Но Эвер услышала. Взор ее прояснился, и она быстро отдернула руки. На милом лице проступил ужас.
– Прости, – сказала Эвер, отползая, и глазами, полными слез, посмотрела на стоявших снаружи людей.
– Ничего, – прохрипела я, садясь и приваливаясь к кровати. Вывихнутая рука безвольно висела. – Поставь-ка ее на место, будь добра.
Она схватила меня за руку и вправила ее, склонив голову и заливаясь слезами.
– Прости, – повторила она шепотом, когда вошли люди.
– Не беда, Эвер. Честное слово. – Я улыбнулась, но она не смотрела на меня.
– Легкая слабость? – участливо осведомился врач, как будто не он сделал это с ней.
Эвер молча кивнула; он достал шприц и жестом велел подставить руку.
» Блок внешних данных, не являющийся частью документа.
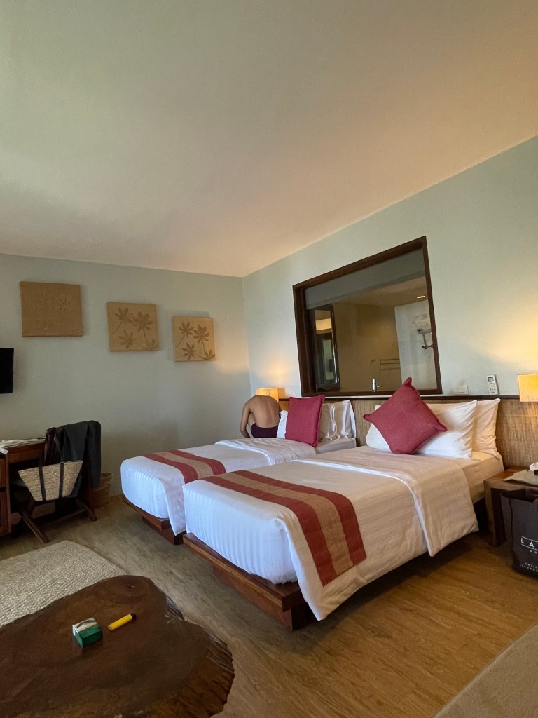 We got two rooms, and we were glad we did. We planned to switch spaces during our stay. For our first night, I bonded with my 16-year-old son in a twin bedroom while my wife spent the night with our 11-year old daughter in a cozy king-bed bedroom just beside ours. Alodia at the front office was very kind enough to heed my request for two rooms that sit close to each other, situated on the second floor with a very nice view of the pool, the sea, and the horizon.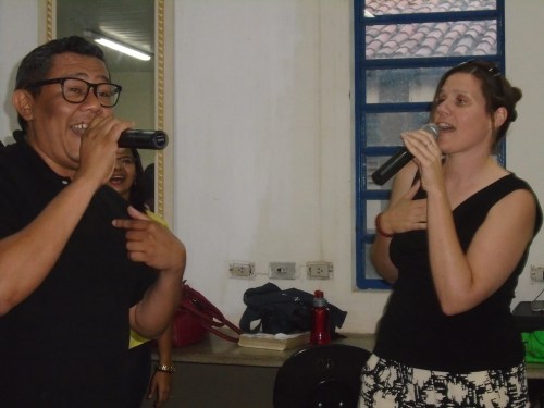 With much trepidation (and rightfully so), we walked into the faculty lounge after our workshop, only to find that Joselia had arranged a make-shift Karaoke session with all of the school’s teachers. Okay, so I suppose some context is needed here.

– Это поможет, – сказал он, введя жидкость, и потрепал ее по затылку.
Она закрыла глаза и несколько раз вздохнула.
– Ну что, получше? – спросил врач. – Сможешь выйти на ночное задание?
Она закивала, размазывая по щекам слезы.
Человек задумчиво пожевал губу.
– Сегодня ведь просто забор больных, если не ошибаюсь?
– Да, – подтвердила Эвер.
– Ладно. – Он ткнул в меня пальцем. – Смени рубашку, на спине вся разорвана.
Люди вышли. Я поднялась, сняла черную рубашку и заменила на такую же. Надела ее поверх майки, поправила шлем и камеру.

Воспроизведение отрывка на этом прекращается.